Current status: Statistics correspond to the the paper.

ID	Name	Description
1	`src_ip`	Source IP address of the corresponding entry
2	`window_count`	Number of summarized time windows
3	`window_span`	Summarized windows span (last ID - first ID)
4	`pkts_total`	The number of transferred packets
5	`bytes_total`	Sum of bytes within the trasnferred packets
6	`pkt_rate`	Packets-per-second rate
7	`byte_rate`	Bytes-per-second rate
8	`pkt_arrivals_avg`	Inter-arrival packet time (IAT) average
9	`pkt_arrivals_std`	Std of packet IAT values
10	`pkt_size_min`	Minimum observed packet size
11	`pkt_size_min`	Maximum observed packet size
12	`pkt_size_avg`	Average observed packet size
13	`pkt_size_std`	Std of observed packet sizes
14	`proto_tcp_share`	TCP traffic share
15	`proto_udp_share`	UDP traffic share
16	`proto_icmp_share`	ICMP traffic share
17	`port_src_unique`	Number of unique source ports
18	`port_src_entropy`	Source port entropy
19	`conn_pkts_avg`	Packet average in socket-to-socket transfers
20	`pkts_frag_share`	Share of fragmented packets
21	`hdrs_payload_ratio_avg`	Average of header to packet size ratio
22	`pkts_total_std`	Std of a number of transferred packets
23	`bytes_total_std`	Std of a sum of transferred bytes
24	`pkt_size_avg_std`	Std of a packet size averags
25	`pkt_size_std_std`	Std of packet size stds
26	`pkt_arrivals_avg_std`	Std of average times between packet arrivals
27	`port_src_unique_std`	Std of number of unique source ports
28	`port_src_entropy_std`	Std of source port entropy values
29	`conn_pkts_avg_std`	Std of packet count per connection averages
30	`pkts_frag_share_std`	Std of fragmented packets share
31	`hdrs_payload_ratio_avg_std`	Std of header to whole packet ratios
32	`dominant_proto_ratio_std`	Std of ratios of the dominant L4 protocol
33	`intrawindow_activity_ratio`	Estimate of IP activity within windows
34	`interwindow_activity_ratio`	Estimate of IP activity during the period
35	`target`	Target class (label)

Installation

In our experiments, we used Python 3.11.6 and the newest package versions available in October 2023. In order to replicate our environment, we suggest performing the following steps:

Install Python Development headers on your machine, e.g.,:
- dnf install python3-devel (Fedora)
- apt-get install python3-dev (Debian)
Create a Python virtual environment, e.g.:
- python -m venv windower_venv
- You might need additional packages in your system, e.g., python3-venv
Activate the virtual environment, e.g.:
- source windower_venv/bin/activate
Install the required packages, e.g.,:
- pip install -r requirements.txt

Datasets Replication

Due to copyright reasons, we are not able to directly provide dataset subsets that were used for evaluating the model. However, we list all the required steps and provide tools to reconstruct the datasets to make our research replicable. These tools can also facilitate the creation of other datasets for future research. Please refer to the datasets.md file for more information.

Usage

Using the Windower for our experiments replication or a custom processing comprises the following steps.

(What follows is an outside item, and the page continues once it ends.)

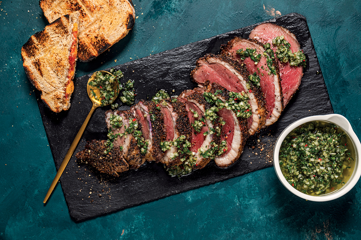 Drizzle the chimichurri sauce over the steak strips and serve with your favourite braai sides.

Preparation of a dataset within a raw (PCAP) format.
Feature extraction for dataset creation.
Training and exporting the ML model.
Evaluation of the model's performance via a DDoS attack simulation deployment scenario.

The above steps require a series of commands, which we demonstrate in four Jupyter Notebooks in the examples folder. The first notebook (00_dataset.ipynb) demonstrates preparation of the raw PCAP dataset used for both original Kitsune and Windower methods. The notebook 01_kitsune.ipynb shows specific data preprocessing, model training and evaluation for the Kitsune model, whereas 02_windower.ipynb presents the data preparation, training and evaluating using the proposed Windower feature extraction mechanism. Finally, the 03_perf.comparison analyzes and compares the performance of both methods.

When performing feature extraction and running mitigation simulation (notebook 02_windower.ipynb), the Windower's behavior can be controlled via the src/windower/config.yml configuration file. This file provides a simple way to configure the most crucial settings like the window length in seconds, the minimum number of collected windows, or the minimum number of packets required in every window to consider it valid. Refer to the mentioned config.yml file for more information.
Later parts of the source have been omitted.